_Exercise requirements_
Would you reproduce, word for word, only the lines running from the top of the data through the line containing "- COMODIDAD PARA", and none of the pictures?

_Provided material_
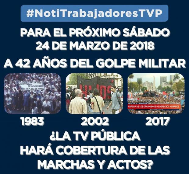 «Gracias a la lucha de los trabajadores y las trabajadoras, finalmente el sábado volverá a emitirse un noticiero por la pantalla de la TV Pública que transmitirá los actos en conmemoración del golpe de Estado que dio inicio a la última dictadura cívico-militar.
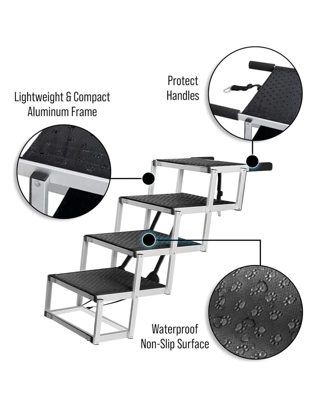 - COMODIDAD PARA TU COMPAÑERO Rampa de escaleras plegable con una suave inclinación que ejerce menos presión sobre las articulaciones de tu perro que las rampas típicas para perros en camiones al acceder a tu vehículo, sofá o cama alta.
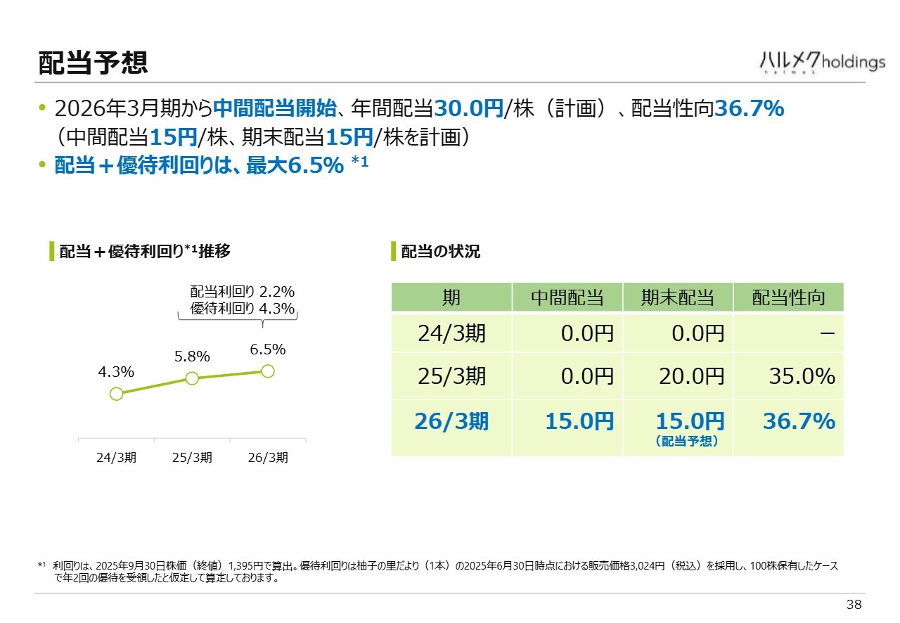 配当についてです。今期は30円とし、中間配当と期末配当でそれぞれ15円を予定しています。配当性向は35パーセントを目安としており、この計画どおりの利益の場合、2026年3月期の配当性向は36.7パーセントとなります。株主優待も加味すると、最大で6.5パーセント程度の利回りになると考えています。
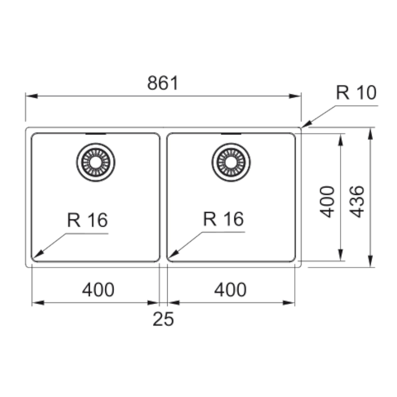 Ανοξείδωτος νεροχύτης Maris MRX 220-40-40 861x436mm, ένθετη/flushmount τοποθέτηση, χωρίς ποδιά, 2 γούρνες, ελάχιστο μέγεθος ντουλαπιού 90cm, με σιφόνια και βαλβίδες.
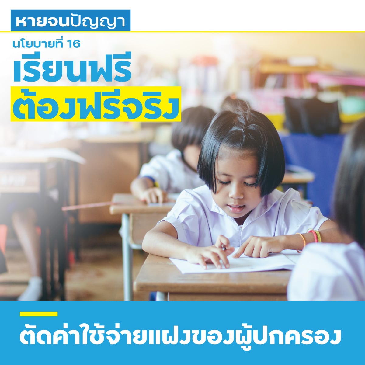 ยกระดับการศึกษา ปรับโครงการเรียนฟรี 15 ปี ให้เป็น “เรียนฟรีจริง” โดยรัฐจะอุดหนุนครอบคลุมทุกค่าใช้จ่าย ทั้งค่าอุปกรณ์ ชุดนักเรียน ค่าเดินทาง และค่าอาหาร เพื่อแบ่งเบาภาระผู้ปกครองอย่างแท้จริง
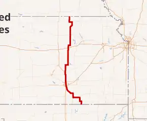 K-15 is a 257.141-mile-long (413.828 km) north–south state highway in the U.S. State of Kansas. Originating at the Oklahoma state line as a continuation of State Highway 18 and continuing to the Nebraska state line where it continues as Nebraska Highway 15. Throughout Kansas, it is signed as the Eisenhower Memorial Highway due to its route through Abilene, where the Eisenhower Memorial Museum and Library is located.[2][3]
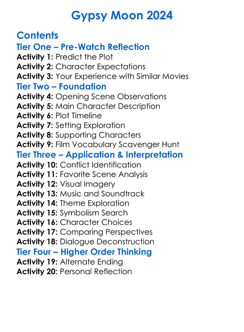 Gypsy Moon 2024 Worksheet Activity Booklet
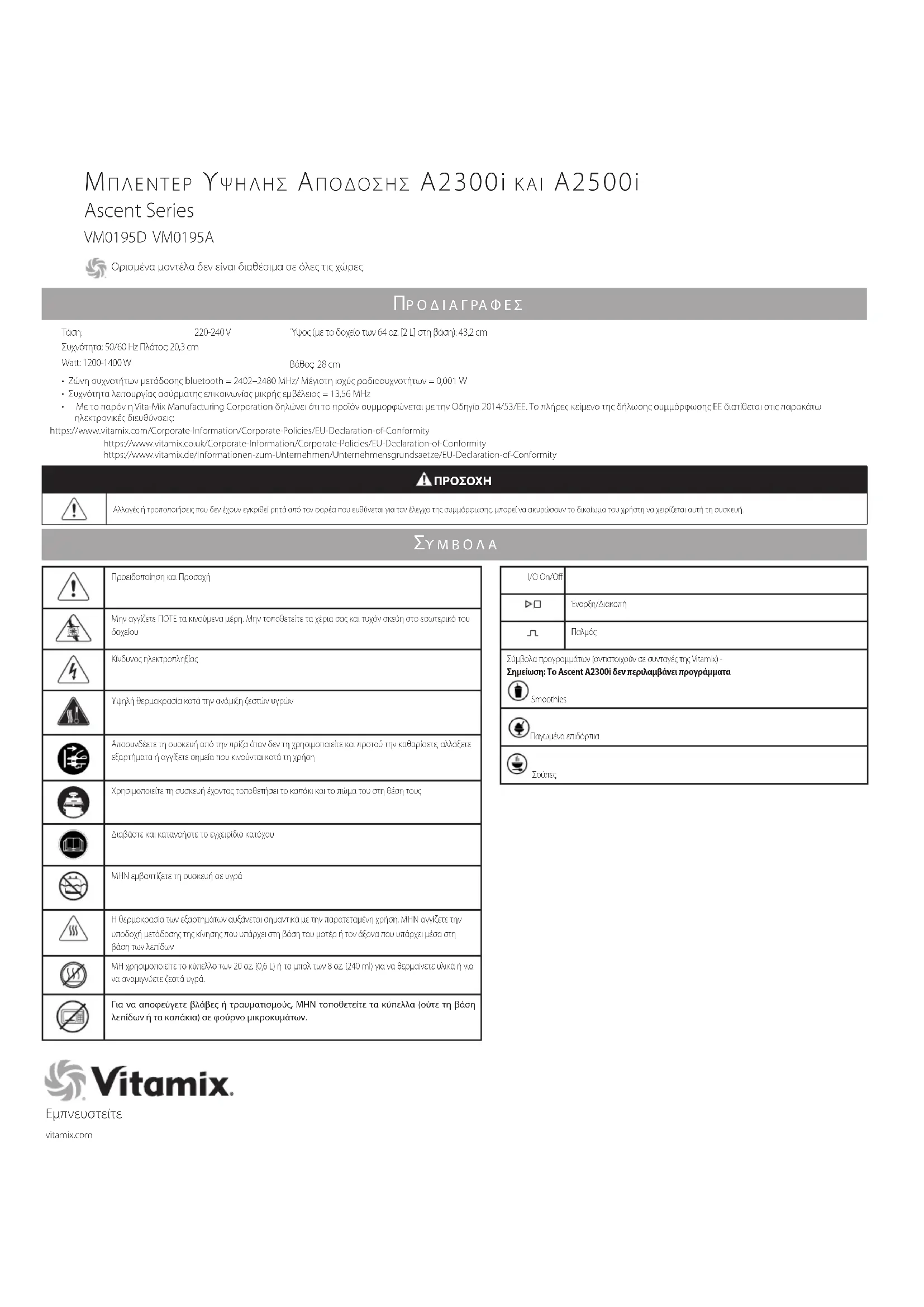 - Με το παρόν η Vita-Mix Manufacturing Corporation δηλώνει ότι το προϊόν συμμορφώνεται με την Οδηγία 2014/53/ΕΕ. Το πλήρες κείμενο της δήλωσης συμμόρφωσης ΕΕ διατίθεται στις παρακάτω ηλεκτρονικές διευθύνσεις: https://www.vitamix.com/Corporate-Information/Corporate-Policies/EU-Declaration-of-Conformity https://www.vitamix.co.uk/Corporate-Information/Corporate-Policies/EU-Declaration-of-Conformity https://www.vitamix.de/Informationen-zum-Unternehmen/Unternehmensgrundsaetze/EU-Declaration-of-Conformity I/O On/Off
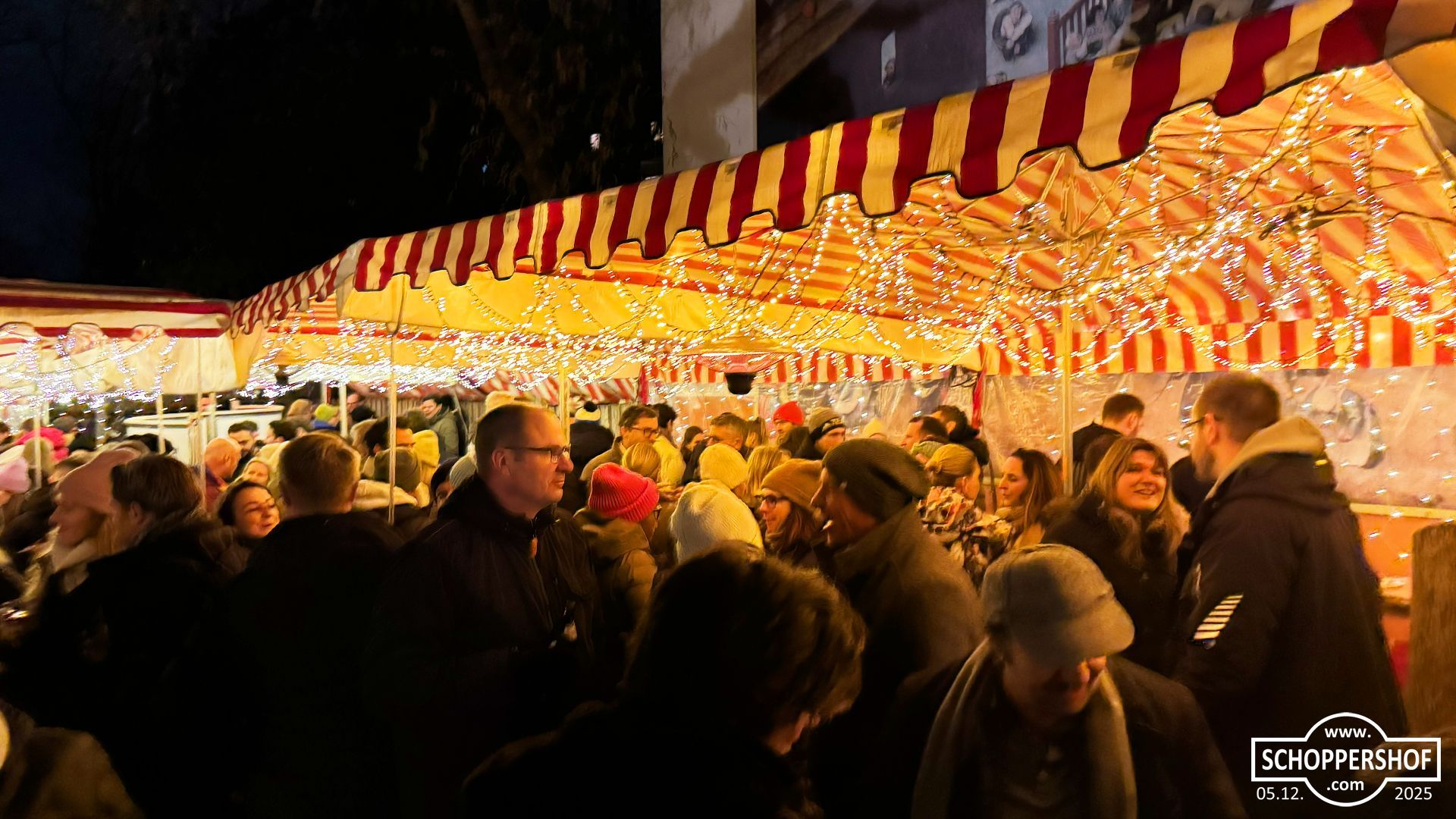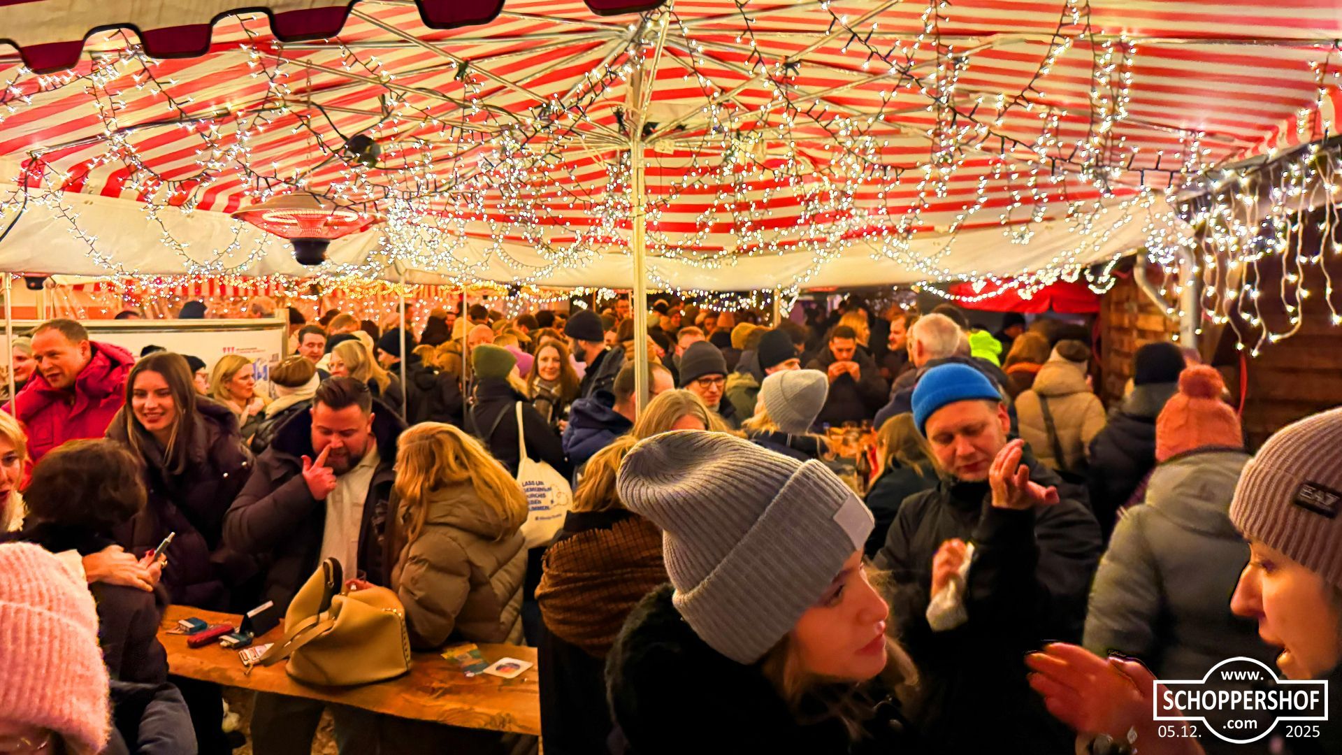 Vom selbstgemachten fränkischen Glühwein rot oder weiß bis zur dezent in Packpapier versteckten Flasche Glüh-Gin gibts hier eine große Auswahl an leckeren heißen Getränken. Nicht zu vergessen die herzhaften Schmankerln wie zum Beispiel das Bratwust-"Leberkäs"-Weckla.

_Result of this task_
 «Gracias a la lucha de los trabajadores y las trabajadoras, finalmente el sábado volverá a emitirse un noticiero por la pantalla de la TV Pública que transmitirá los actos en conmemoración del golpe de Estado que dio inicio a la última dictadura cívico-militar.
 - COMODIDAD PARA TU COMPAÑERO Rampa de escaleras plegable con una suave inclinación que ejerce menos presión sobre las articulaciones de tu perro que las rampas típicas para perros en camiones al acceder a tu vehículo, sofá o cama alta.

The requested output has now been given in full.